Self-management interventions likely improve HRQoL, as measured by the St. George’s Respiratory Questionnaire (SGRQ) total score (lower score represents better HRQoL) with a mean difference (MD) from usual care of -2.86 points (95% confidence interval (CI) -4.87 to -0.85; 14 studies, 2778 participants; low-quality evidence). The pooled MD of -2.86 did not reach the SGRQ minimal clinically important difference (MCID) of four points. Self-management intervention participants were also at a slightly lower risk for at least one respiratory-related hospital admission (odds ratio (OR) 0.75, 95% CI 0.57 to 0.98; 15 studies, 3263 participants; very low-quality evidence). The number needed to treat to prevent one respiratory-related hospital admission over a mean of 9.75 months' follow-up was 15 (95% CI 8 to 399) for participants with high baseline risk and 26 (95% CI 15 to 677) for participants with low baseline risk. No differences were observed in respiratory-related mortality (risk difference (RD) 0.01, 95% CI -0.02 to 0.04; 8 studies, 1572 participants ; low-quality evidence) and all-cause mortality (RD -0.01, 95% CI -0.03 to 0.01; 24 studies, 5719 participants; low-quality evidence).
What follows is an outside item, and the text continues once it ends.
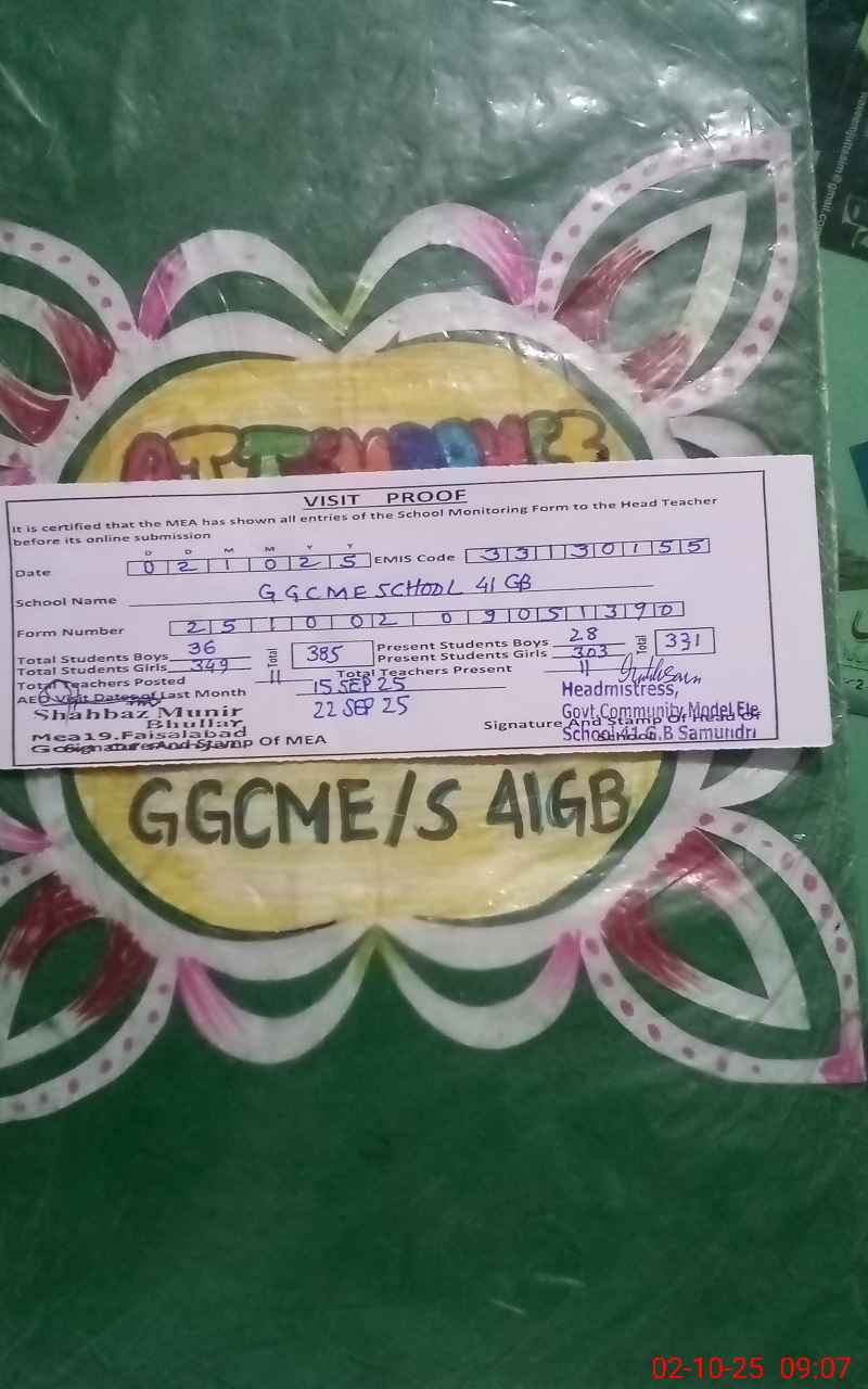 | EMIS Code: 33130155 | Name of School: GGCMES CHAK 41 GB SAMUNDRI | |||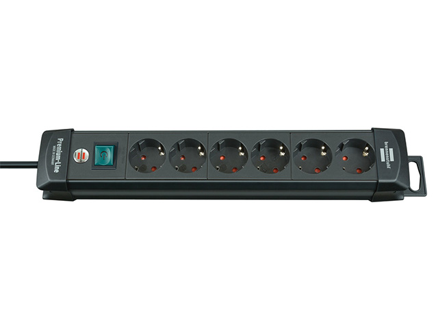 Удлинитель 3м (6 роз., 3.3кВт, с/з, выкл., ПВС) чер. Premium Line (провод 3х1,5мм2; сила тока 16А; с/з - с заземляющим контактом) (BRENNENSTUHL)

We graded the evidence to be of ‘moderate’ to ‘very low’ quality according to GRADE. All studies had a substantial risk of bias, because of lack of blinding of participants and personnel to the interventions, which is inherently impossible in a self-management intervention. In addition, risk of bias was noticeably increased because of insufficient information regarding a) non-protocol interventions, and b) analyses to estimate the effect of adhering to interventions. Consequently, the highest GRADE evidence score that could be obtained by studies was ‘moderate’.